What is needed: Please set down only the lines from the one containing "Un diario visual/dibujos" through the end of the entries below, exactly, minus any pictures.

Dataset entries
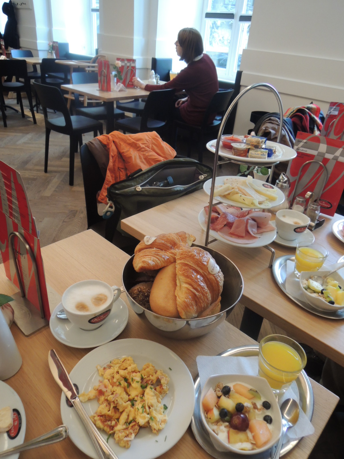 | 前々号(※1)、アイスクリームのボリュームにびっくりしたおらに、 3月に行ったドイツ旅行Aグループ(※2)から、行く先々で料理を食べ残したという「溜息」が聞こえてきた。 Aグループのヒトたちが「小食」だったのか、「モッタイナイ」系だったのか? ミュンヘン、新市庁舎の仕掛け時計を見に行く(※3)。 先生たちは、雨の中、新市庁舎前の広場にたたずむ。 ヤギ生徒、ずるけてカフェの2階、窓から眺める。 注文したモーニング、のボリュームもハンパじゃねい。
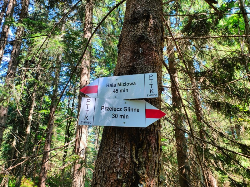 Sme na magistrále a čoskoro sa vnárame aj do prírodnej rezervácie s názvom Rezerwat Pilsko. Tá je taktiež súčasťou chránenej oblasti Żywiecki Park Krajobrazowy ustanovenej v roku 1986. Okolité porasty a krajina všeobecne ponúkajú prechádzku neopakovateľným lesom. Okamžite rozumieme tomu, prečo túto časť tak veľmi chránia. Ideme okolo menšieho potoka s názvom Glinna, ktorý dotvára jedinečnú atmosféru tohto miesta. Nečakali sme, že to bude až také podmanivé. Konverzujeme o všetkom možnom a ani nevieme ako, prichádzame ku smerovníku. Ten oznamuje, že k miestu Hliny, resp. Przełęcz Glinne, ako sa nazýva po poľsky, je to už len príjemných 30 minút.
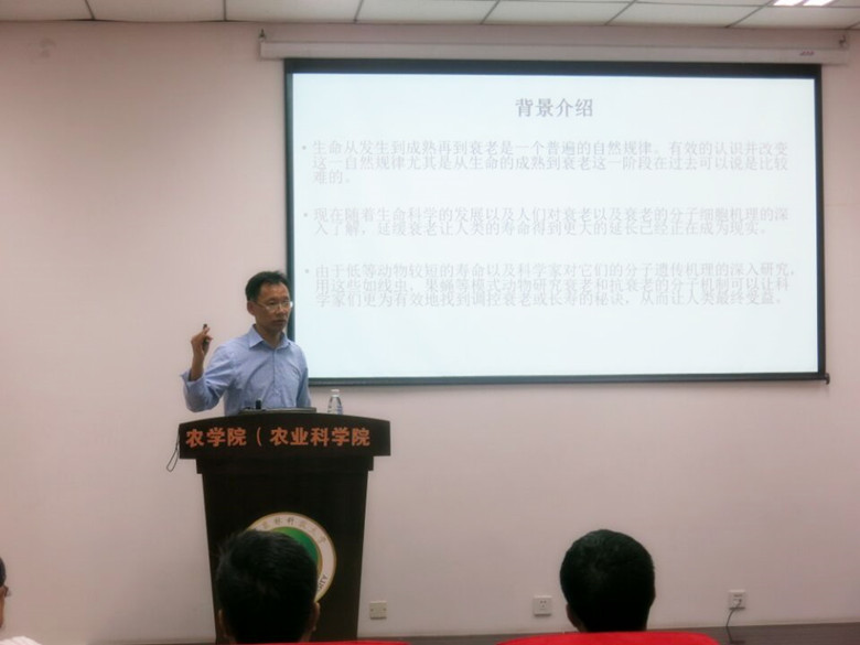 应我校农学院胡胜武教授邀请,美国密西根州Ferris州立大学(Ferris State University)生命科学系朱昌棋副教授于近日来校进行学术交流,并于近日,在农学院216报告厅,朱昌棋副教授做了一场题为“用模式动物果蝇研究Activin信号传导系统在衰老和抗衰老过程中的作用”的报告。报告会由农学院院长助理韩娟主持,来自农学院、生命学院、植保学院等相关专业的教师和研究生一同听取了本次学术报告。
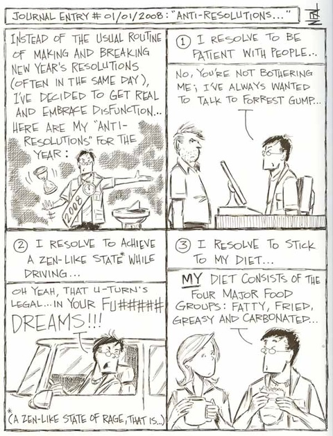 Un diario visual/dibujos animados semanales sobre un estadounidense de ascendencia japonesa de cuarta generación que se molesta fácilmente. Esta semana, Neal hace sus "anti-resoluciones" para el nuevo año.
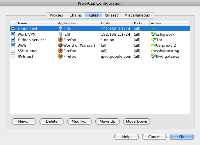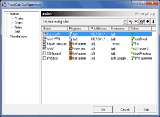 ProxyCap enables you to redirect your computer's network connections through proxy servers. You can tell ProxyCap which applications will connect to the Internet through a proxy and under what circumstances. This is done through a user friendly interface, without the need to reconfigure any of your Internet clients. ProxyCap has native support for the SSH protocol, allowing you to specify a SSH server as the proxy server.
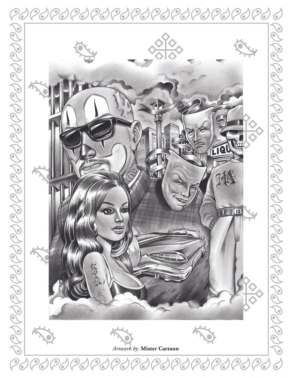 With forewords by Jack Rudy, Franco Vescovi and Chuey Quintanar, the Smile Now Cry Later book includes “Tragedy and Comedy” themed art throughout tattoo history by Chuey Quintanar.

Task response:
 Un diario visual/dibujos animados semanales sobre un estadounidense de ascendencia japonesa de cuarta generación que se molesta fácilmente. Esta semana, Neal hace sus "anti-resoluciones" para el nuevo año.
 ProxyCap enables you to redirect your computer's network connections through proxy servers. You can tell ProxyCap which applications will connect to the Internet through a proxy and under what circumstances. This is done through a user friendly interface, without the need to reconfigure any of your Internet clients. ProxyCap has native support for the SSH protocol, allowing you to specify a SSH server as the proxy server.
 With forewords by Jack Rudy, Franco Vescovi and Chuey Quintanar, the Smile Now Cry Later book includes “Tragedy and Comedy” themed art throughout tattoo history by Chuey Quintanar.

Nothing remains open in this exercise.